◆ **Work order**:
Look through the records below for the line with "Dans les transports" and the line with "Monaco 🆚 Marseille", then return those lines and all lines between, exactly.
[Source material — start]
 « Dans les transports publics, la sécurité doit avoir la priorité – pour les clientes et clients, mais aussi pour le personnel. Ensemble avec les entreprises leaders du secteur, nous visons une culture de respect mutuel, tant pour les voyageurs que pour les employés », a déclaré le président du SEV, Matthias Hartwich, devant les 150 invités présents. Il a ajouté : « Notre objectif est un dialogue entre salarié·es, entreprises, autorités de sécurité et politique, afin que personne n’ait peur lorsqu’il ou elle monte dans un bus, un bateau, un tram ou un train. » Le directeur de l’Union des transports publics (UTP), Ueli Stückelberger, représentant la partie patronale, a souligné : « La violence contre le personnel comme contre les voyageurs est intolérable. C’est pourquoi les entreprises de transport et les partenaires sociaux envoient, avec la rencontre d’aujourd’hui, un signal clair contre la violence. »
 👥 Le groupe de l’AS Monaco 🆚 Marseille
[Source material — finish]
[Source material — start]
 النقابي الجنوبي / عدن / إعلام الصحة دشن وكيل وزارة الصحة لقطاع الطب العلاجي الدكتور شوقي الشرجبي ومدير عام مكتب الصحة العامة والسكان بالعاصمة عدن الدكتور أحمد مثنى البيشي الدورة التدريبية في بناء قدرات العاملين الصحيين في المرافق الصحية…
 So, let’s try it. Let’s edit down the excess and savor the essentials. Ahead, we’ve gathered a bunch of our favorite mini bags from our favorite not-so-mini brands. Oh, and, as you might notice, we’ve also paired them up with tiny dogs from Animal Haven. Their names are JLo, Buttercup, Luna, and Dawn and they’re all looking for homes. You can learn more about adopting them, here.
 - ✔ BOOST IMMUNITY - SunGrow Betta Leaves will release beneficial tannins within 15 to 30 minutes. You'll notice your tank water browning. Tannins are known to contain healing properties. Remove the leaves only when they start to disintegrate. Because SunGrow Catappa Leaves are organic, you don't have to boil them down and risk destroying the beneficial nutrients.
[Source material — finish]
[Source material — start]
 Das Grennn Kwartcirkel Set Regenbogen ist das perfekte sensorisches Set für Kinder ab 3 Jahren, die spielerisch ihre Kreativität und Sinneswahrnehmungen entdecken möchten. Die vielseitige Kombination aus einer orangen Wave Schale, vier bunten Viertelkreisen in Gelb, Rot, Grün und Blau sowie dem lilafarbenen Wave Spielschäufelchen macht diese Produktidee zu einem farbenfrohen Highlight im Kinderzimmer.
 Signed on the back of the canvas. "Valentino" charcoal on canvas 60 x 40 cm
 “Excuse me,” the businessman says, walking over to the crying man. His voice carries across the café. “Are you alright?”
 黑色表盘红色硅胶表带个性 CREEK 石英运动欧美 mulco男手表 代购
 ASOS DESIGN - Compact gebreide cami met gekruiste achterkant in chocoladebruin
[Source material — finish]
◆ **Response below**:
 « Dans les transports publics, la sécurité doit avoir la priorité – pour les clientes et clients, mais aussi pour le personnel. Ensemble avec les entreprises leaders du secteur, nous visons une culture de respect mutuel, tant pour les voyageurs que pour les employés », a déclaré le président du SEV, Matthias Hartwich, devant les 150 invités présents. Il a ajouté : « Notre objectif est un dialogue entre salarié·es, entreprises, autorités de sécurité et politique, afin que personne n’ait peur lorsqu’il ou elle monte dans un bus, un bateau, un tram ou un train. » Le directeur de l’Union des transports publics (UTP), Ueli Stückelberger, représentant la partie patronale, a souligné : « La violence contre le personnel comme contre les voyageurs est intolérable. C’est pourquoi les entreprises de transport et les partenaires sociaux envoient, avec la rencontre d’aujourd’hui, un signal clair contre la violence. »
 👥 Le groupe de l’AS Monaco 🆚 Marseille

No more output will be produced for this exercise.